(Dataset entries)

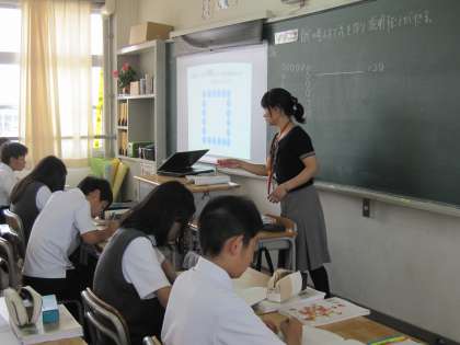 6月は授業交流期間として、先生どうしが授業を参観し合い、学び合う期間を設けています。その中で、ミニ研究授業を実施していますが、今日は1年6組で数学の研究授業でした。
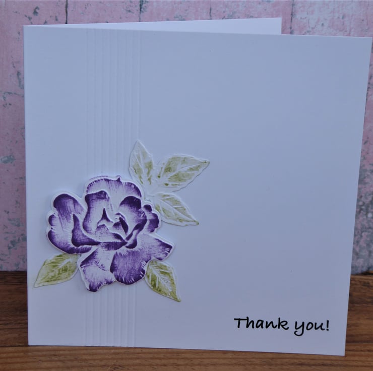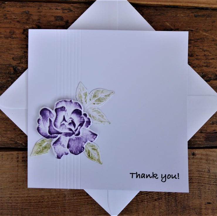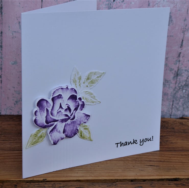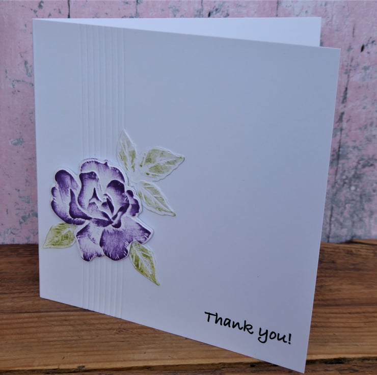 Thank you card made from 300gsm white card. Die-cut and embossed flower then added colour. Stamped out a sentiment to complete.
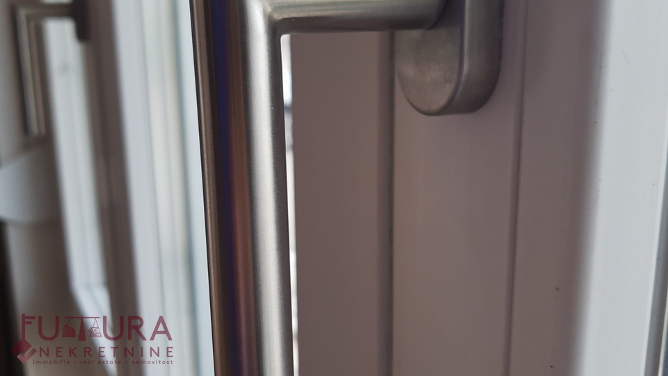 The roof is newer, Tondach Venera tiles in ochre antique color. 12 cm wool and 2 foil layers, ventilated. Everything is secured with stainless steel screws. The south and east walls have thermal insulation. Part of the façade, courtyard, and terraces are clad with Benkovac stone, with plenty of newer equipment, newer refrigerators, ovens with fans, Bosch 8kg washing machine, two boilers covering the needs of the entire building, external solar boilers, new LED TVs, WiFi router on each floor covering every part of the house and yard, beds and some furniture are made of solid wood, most mattresses are newer and high quality, replaced joinery and new stairs, joinery is Gealan S9000 with triple glazing, 15-year warranty, stainless steel handles and semi-handles, aluminum shutters.
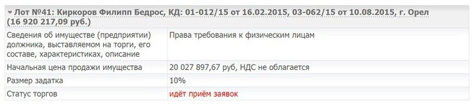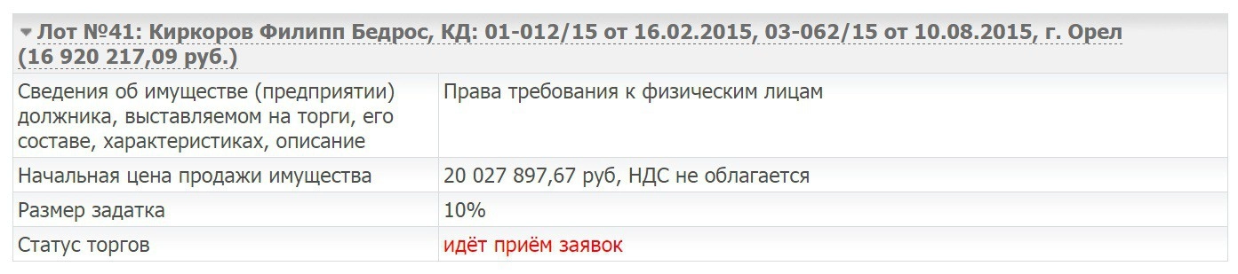 На сайте «Аукционного тендерного центра» можно приобрести кредитный договор на имя Киркорова Филиппа Бедросовича, заключенный с банком «Церих», который обанкротился в 2016 году.
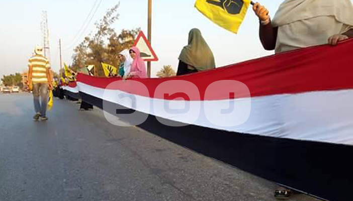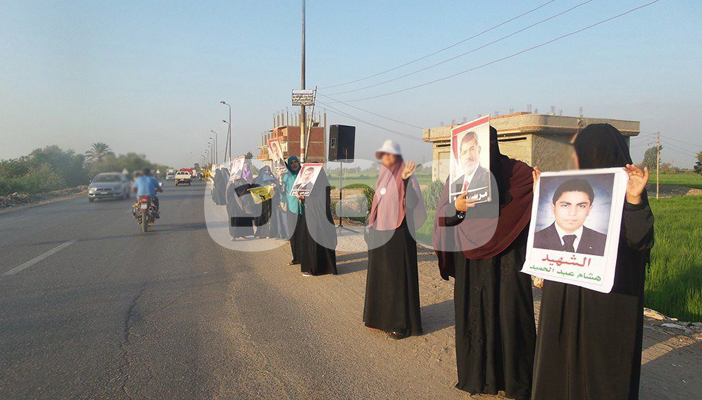 وجاءت السلسلة على طريق “المحمودية دمنهور” رفع خلالها المشاركون رايات رابعة وصور الدكتور محمد مرسي، ولافتات تطالب بالقصاص للشهداء وإطلاق سراح المعتقلين.
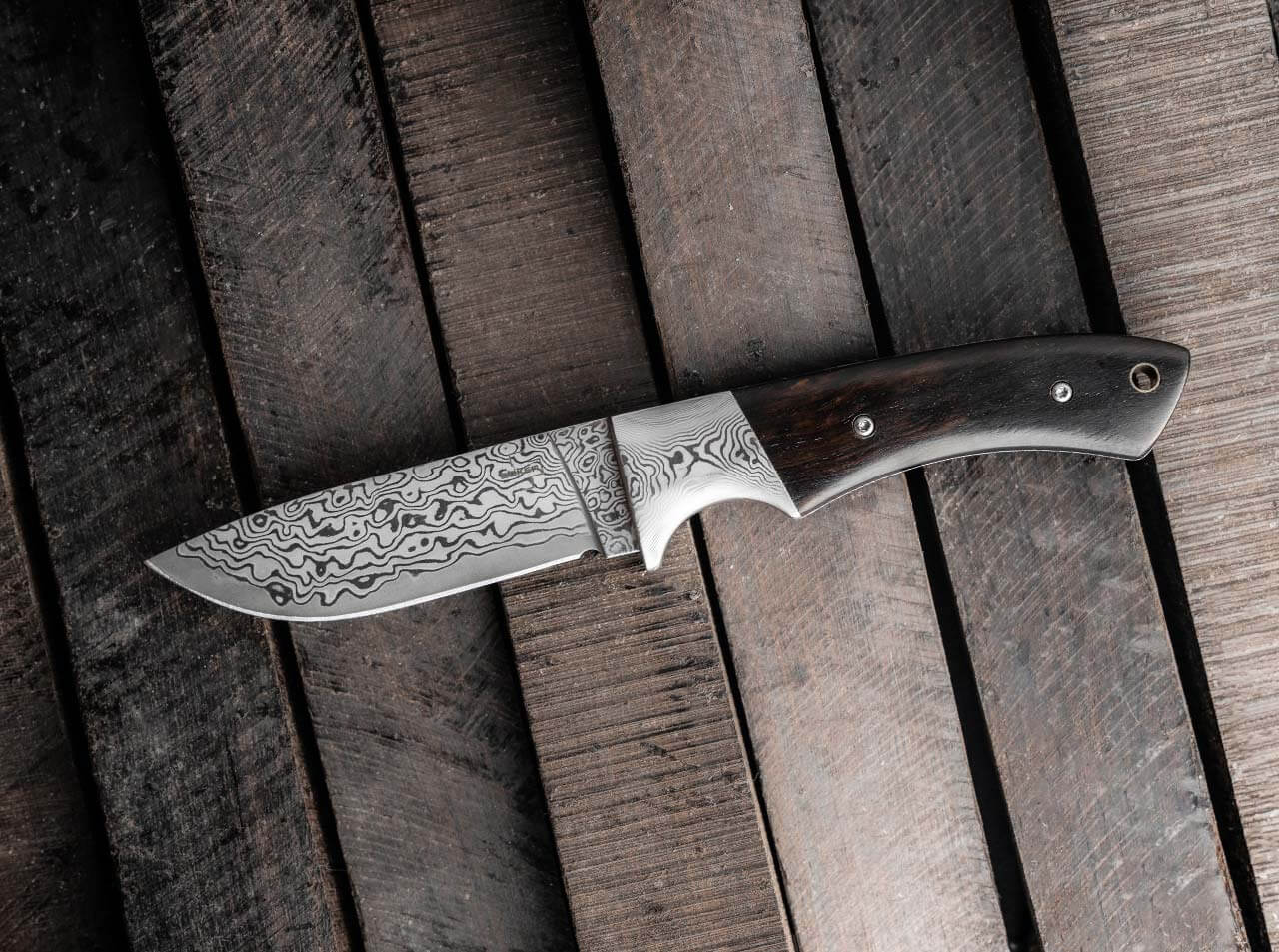 'History starts with a vision that can reach into the past and shape the future. A shared heritage of quality, precision and dedication links the two historic German firms Boker and Mauser. Best known for military arms like the Model 98, Mauser has focused in recent years on hunting rifles and outdoor equipment. More than 25 years ago the M‑1 was created as a classic hunting knife; the Boker Plus M‑One Damascus revives that concept, reinterpreting the fixed‑blade silhouette as a modern tribute to discerning hunters and collectors. Its drop‑point blade of 67‑layer Damascus blends an elegant appearance with uncompromising performance. A solid tang and an ergonomically shaped handle of rich, earthy ebony ensure strength and comfort. Large bolsters echo the blade’s Damascus motif, adding intensity to the design, and a hollow brass stud in the handle allows attachment of a lanyard in a traditional style. The knife is delivered in a high‑quality leather sheath.'
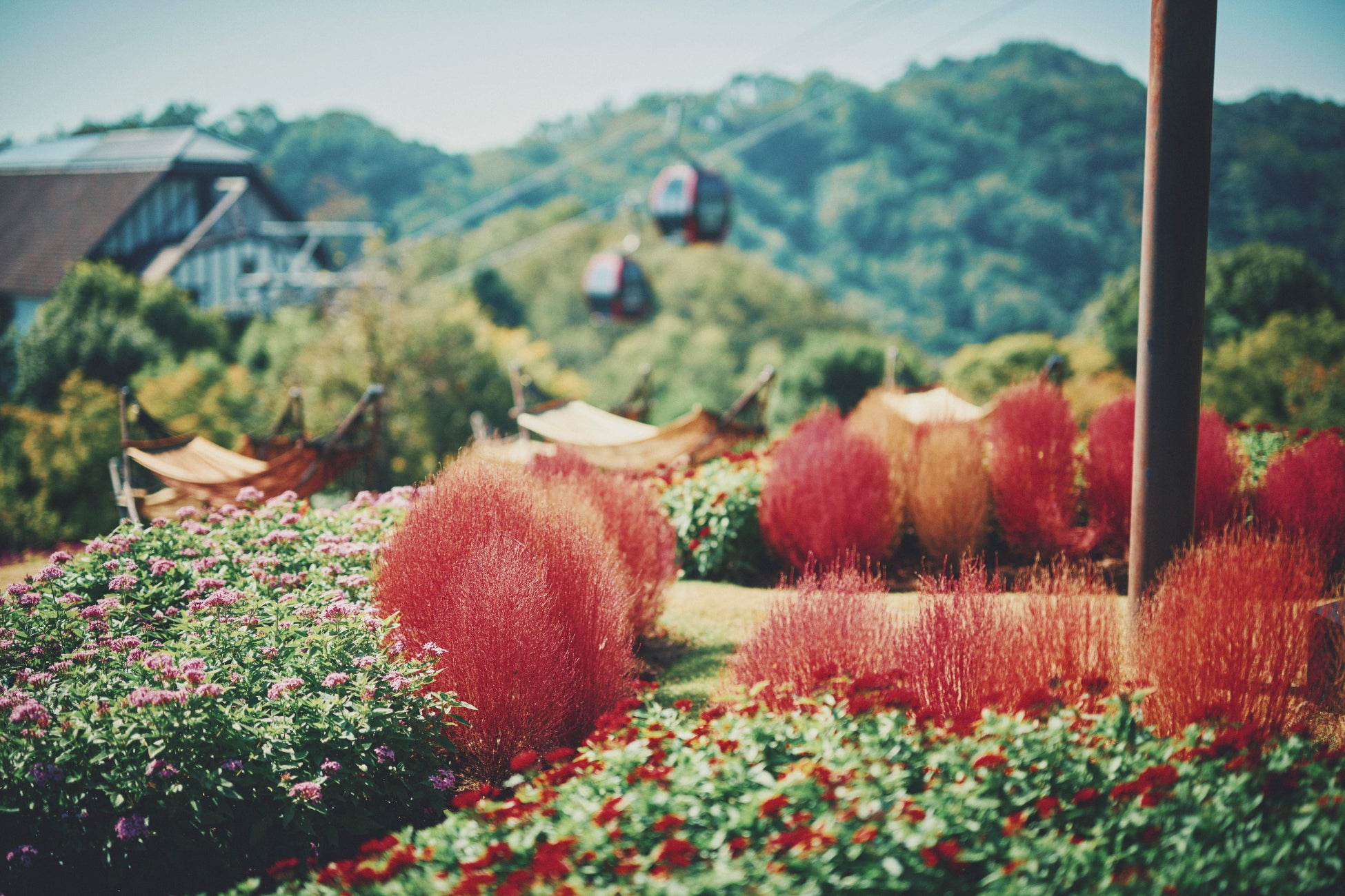 神戸のコキアの名所”神戸布引ハーブ園”。コキアが間もなく見ごろです。赤一色に染まるガーデンのコキア、神戸の街並みに溶け込むコキア、秋の花々と一緒に咲き集うコキア、3つのロケーションで楽しめます。
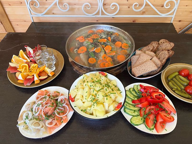 Работают профессиональные повара, которые приготовят как обычные блюда, так и познакомят вас с поморской кухней. Вы можете заказать свое меню на каждый день. Также повара могут приготовить вкусный ужин из вашего улова.
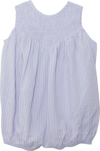 This romper features a lightweight, striped seer-sucker fabric with a smocked bodice and sleevelss design for a comfortable fit. Designed with a loose bubble silhouette, it?s perfect for easy dressing and warm-weather outings. Fabric Care & Content Machine Wash Cold | Line Dry | Do Not Bleach 65% Cotton 35% Polyester Lining: 100% Polyester
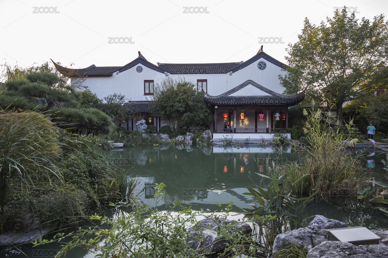 苏州,斜塘老街,夜景,园林,古建筑,亭子,房屋,河流,古镇,古街
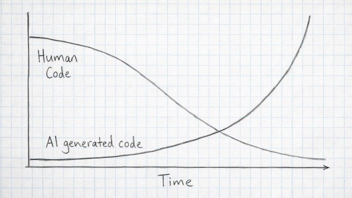 A year ago I posited that the ratio of human coded lines of software to AI code would quickly go into exponential decay:
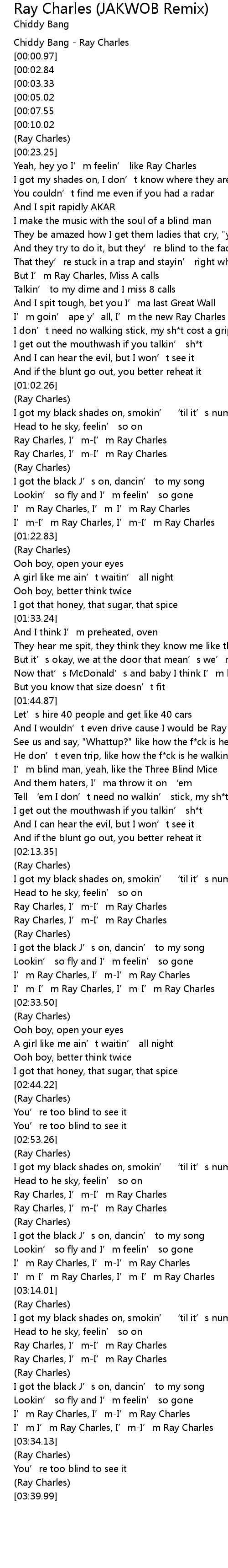 | [03:32.57] | I' m I' m Ray Charles, I' mI' m Ray Charles |
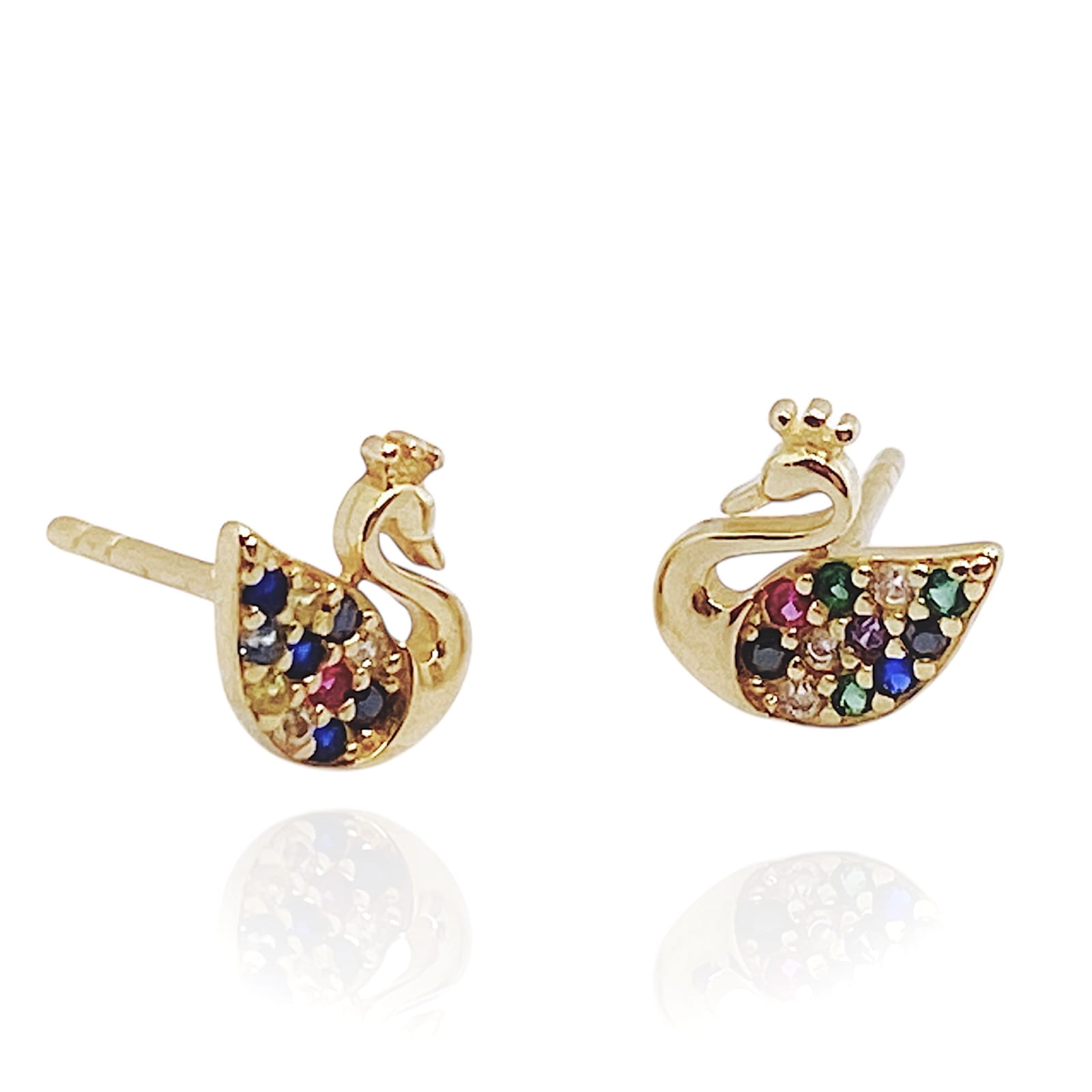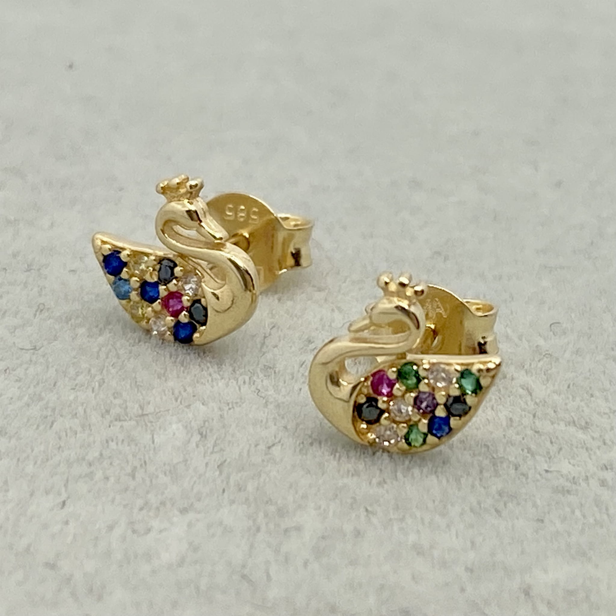 Złote kolczyki ozdobione kolorowymi cyrkoniami, wykonane zostały z najlepszej jakości złota próby 585. Kolczyki są zapinane na sztyft. Idealne do noszenia na co dzień.
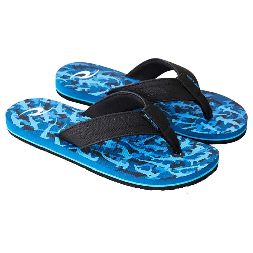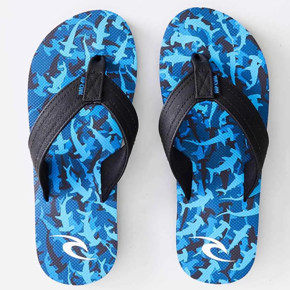 La sandalia para niños Ripper es una correa de nobuck sintético con detalle de costuras clásicas. El divertido arte de la pantalla de temporada está impreso en una plantilla blanda que es perfecta para cada grom.
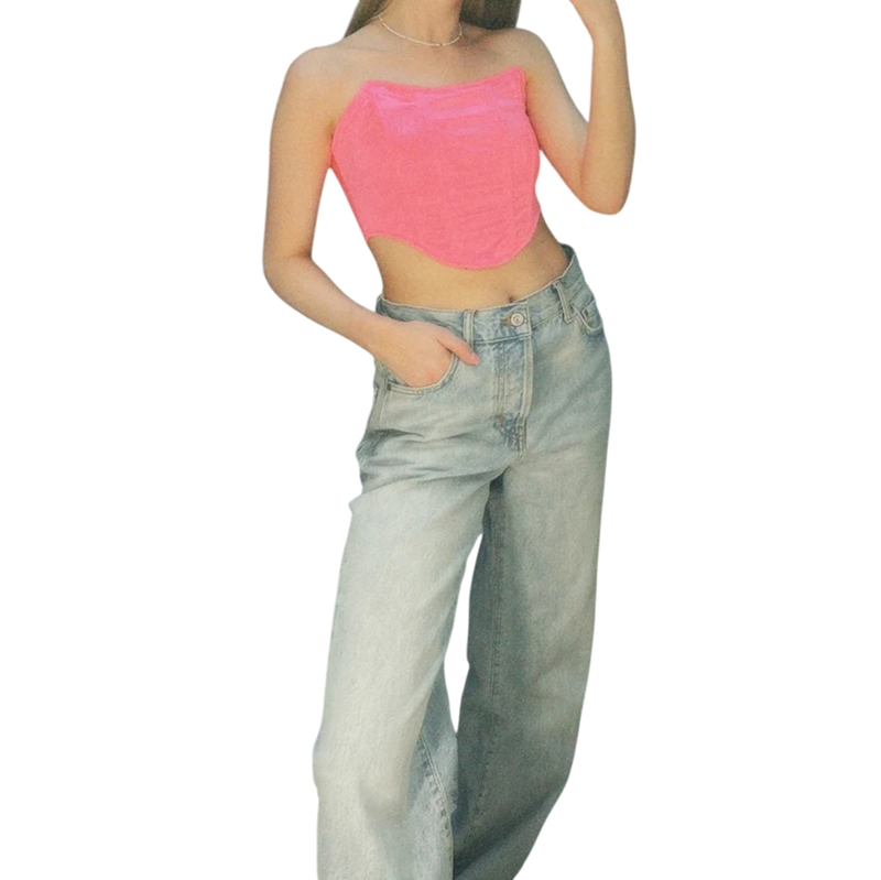 Elegancki krótki top bez ramiączek o koronkowym kroju, który modeluje sylwetkę. Elastyczny materiał zapewnia komfort i stylowy wygląd. Pełny opis

» **Exercise aim**
Write down exactly what the lines above say, from the line holding "A year ago I" through the line holding "La sandalia para", and nothing more. Do not copy the pictures.

» **Response**
 A year ago I posited that the ratio of human coded lines of software to AI code would quickly go into exponential decay:
 | [03:32.57] | I' m I' m Ray Charles, I' mI' m Ray Charles |
 Złote kolczyki ozdobione kolorowymi cyrkoniami, wykonane zostały z najlepszej jakości złota próby 585. Kolczyki są zapinane na sztyft. Idealne do noszenia na co dzień.
 La sandalia para niños Ripper es una correa de nobuck sintético con detalle de costuras clásicas. El divertido arte de la pantalla de temporada está impreso en una plantilla blanda que es perfecta para cada grom.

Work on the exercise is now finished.